Le Nepal recense 176 tigres aujourd'hui, contre 155 en 2011 et 98 en 1995. L'objectif pour 2022 est un doublement des effectifs, soit environ 350 individus (source : China Daily, ce jour).
KATHMANDU, July 30 (Xinhua) -- Nepal is poised to increase the tiger population in the country from 155 last year to 176 this year and to double the number by the year 2022.
The tiger census undertaken in 1995 showed that the number of tigers was down to just 98 that year. However, the latest report released on Sunday by the World Wildlife Fund (WWF) on the occasion of Global Tiger Day showed that the number has jumped to 176.
Tigers in Nepal are concentrated in the Chitwan National Park with 125; in the Bardia National Park, with 37; in Shuklaphata Wildlife Reserve, 10; and in Parsa Wildlife Reserve, four.
With the slogan, "Stop wildlife crime: its dead serious closer to extinction," Nepal marked the third Global Tiger Day by organizing various programs calling for the conservation of tigers.

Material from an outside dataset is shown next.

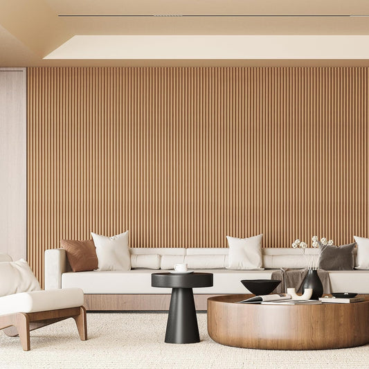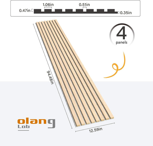 Olanglab Wood Slat Wall Panels 4 Pack, Wooden Acoustic Wall Panels, 94.5"x12.6" Each 3D Wall Panels for Interior Wall Decor (Light Oak-Extendo Trio)

In an interview with Xinhua, Krishna Prasad Acharya, director general of Department of National Parks and Wildlife Conservation, said that Nepal is fully committed to tiger protection and to double the number of the endangered species in ten years.
"Poaching has been one of the challenges in tiger protection in Nepal and we have been pushing forward to control wildlife trade and are set to strictly enforce our anti-poaching rules and regulations,"Acharya said.
Speaking on the occasion of Global Tiger Day celebration, Secretary at the Ministry of Forest and Social Conservation Navin Ghimire said the significant increase in the number of tigers has encouraged the government, conservationists and the general public to join hands in further increasing the number of tigers in the years ahead.
"With the cooperation of all sectors, we expect to double the number of tigers by the year 2022," Ghimire said.
For the past three years, Nepal has created anti-poaching units in all national parks in the nation in order to protect Nepal's wildlife, particularly animals that are in danger of extinction.
The government has also increased the areas designated as natural habitats for tigers and encouraged Nepalese to protect not just the tigers but all wild animals within the national parks.
As part of its conservation campaign, in June 2010, China and Nepal signed a Memorandum of Understanding on "Forest and Biodiversity Conservation."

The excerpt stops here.